# [Exercise prompt]
What follows is a listing; repeat exactly, and only, its lines from the one holding "하나씩 개별포장되어 있어서" through the last, leaving any pictures out.

# [Given data]
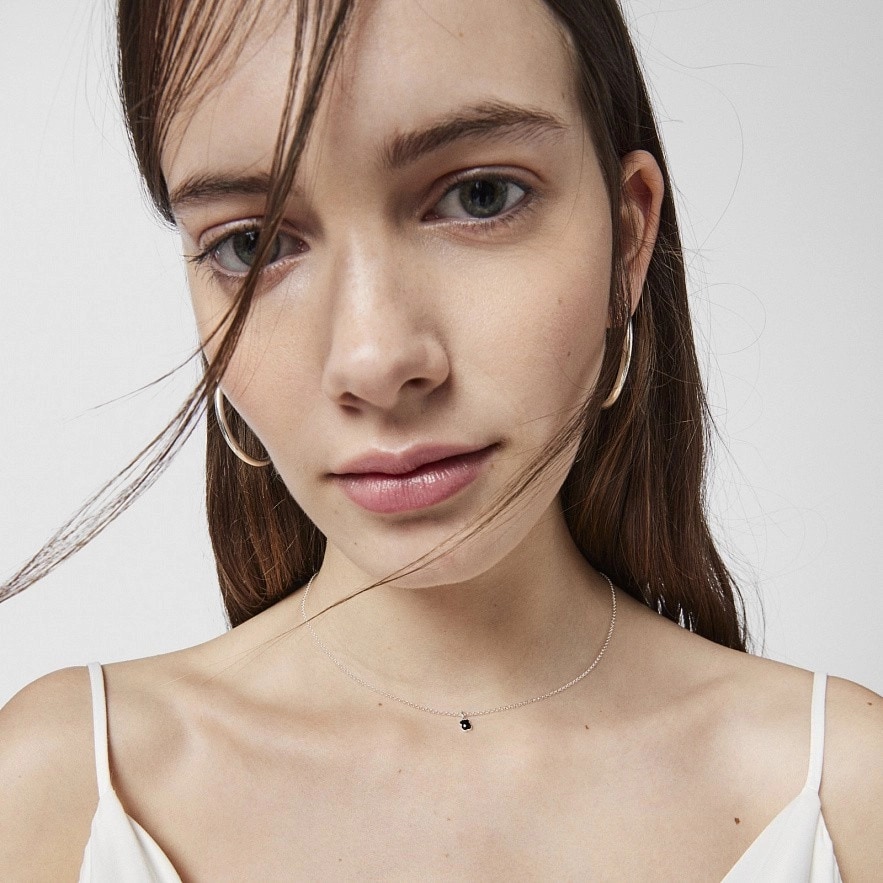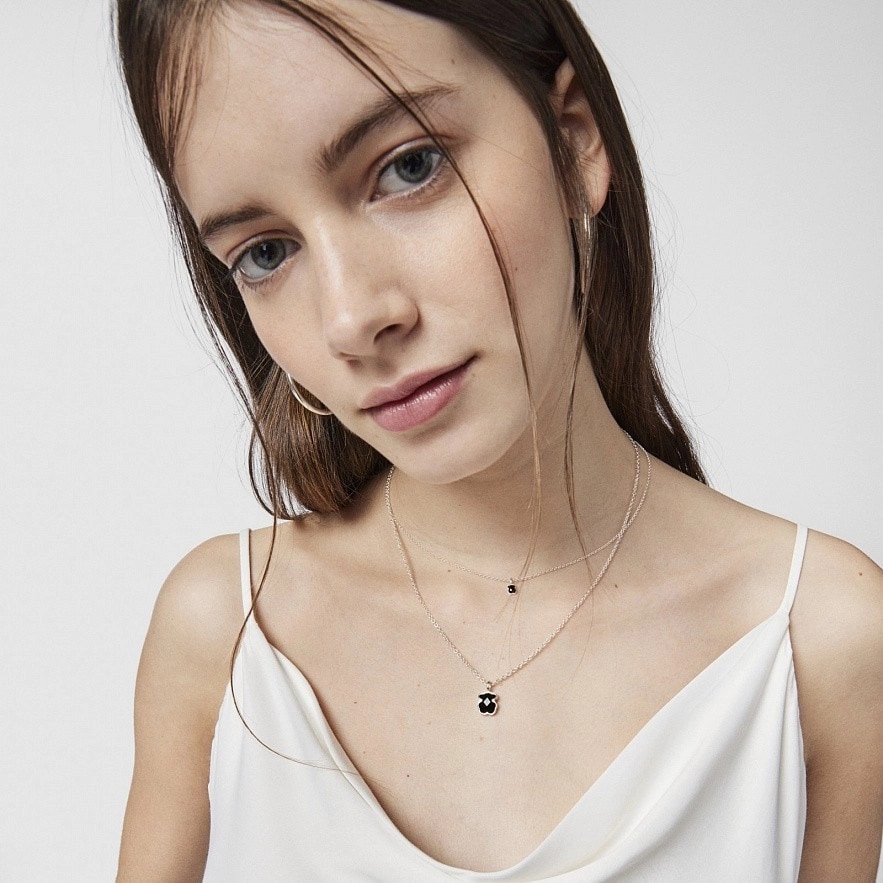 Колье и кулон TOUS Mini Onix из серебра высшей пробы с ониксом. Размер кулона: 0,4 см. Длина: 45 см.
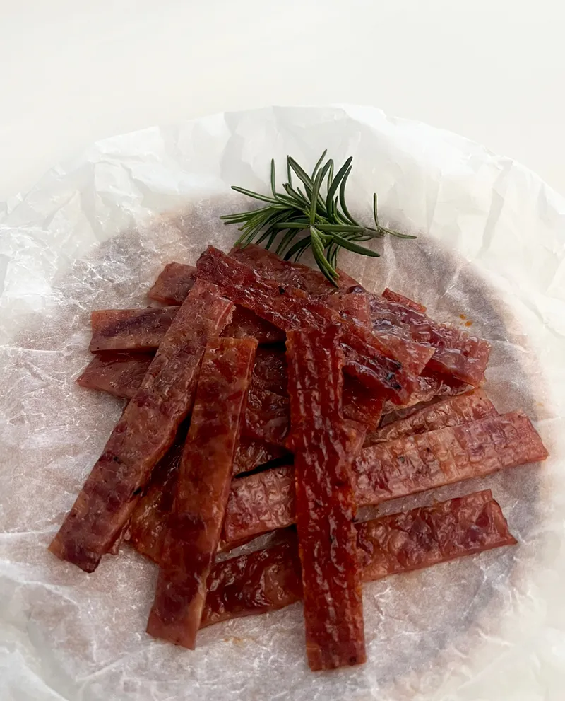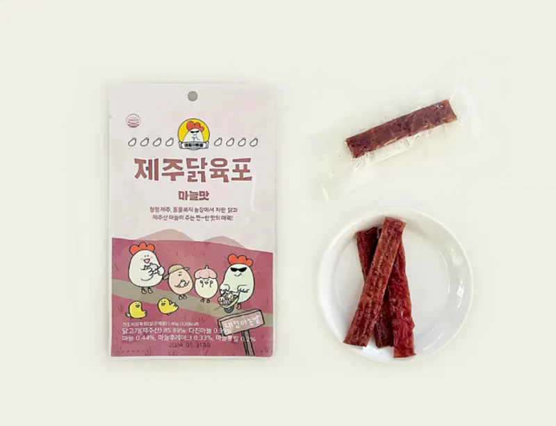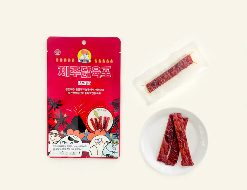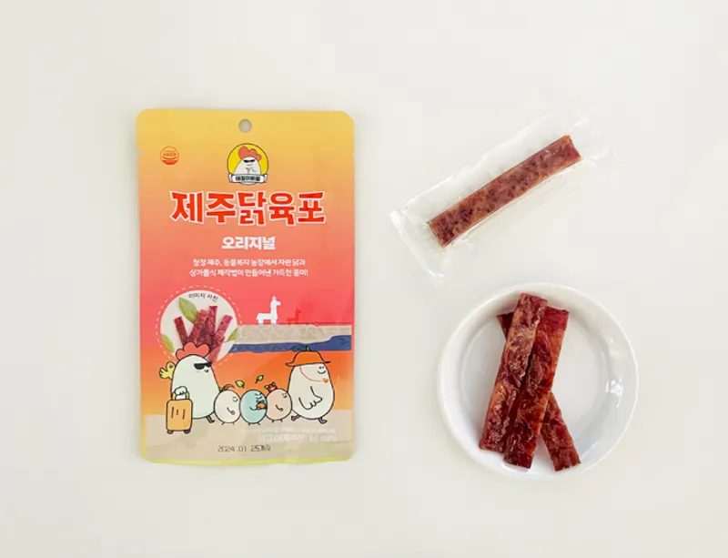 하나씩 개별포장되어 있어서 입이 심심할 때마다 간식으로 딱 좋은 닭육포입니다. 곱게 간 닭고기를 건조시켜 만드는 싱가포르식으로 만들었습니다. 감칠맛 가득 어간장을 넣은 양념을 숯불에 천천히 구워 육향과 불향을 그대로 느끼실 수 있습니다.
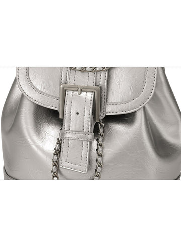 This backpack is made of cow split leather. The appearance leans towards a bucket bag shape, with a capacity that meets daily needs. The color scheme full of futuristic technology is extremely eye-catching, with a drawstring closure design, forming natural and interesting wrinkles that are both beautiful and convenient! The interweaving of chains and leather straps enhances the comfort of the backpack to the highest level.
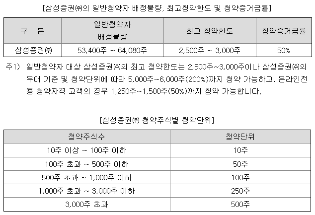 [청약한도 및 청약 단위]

# [Your response]
 하나씩 개별포장되어 있어서 입이 심심할 때마다 간식으로 딱 좋은 닭육포입니다. 곱게 간 닭고기를 건조시켜 만드는 싱가포르식으로 만들었습니다. 감칠맛 가득 어간장을 넣은 양념을 숯불에 천천히 구워 육향과 불향을 그대로 느끼실 수 있습니다.
 This backpack is made of cow split leather. The appearance leans towards a bucket bag shape, with a capacity that meets daily needs. The color scheme full of futuristic technology is extremely eye-catching, with a drawstring closure design, forming natural and interesting wrinkles that are both beautiful and convenient! The interweaving of chains and leather straps enhances the comfort of the backpack to the highest level.
 [청약한도 및 청약 단위]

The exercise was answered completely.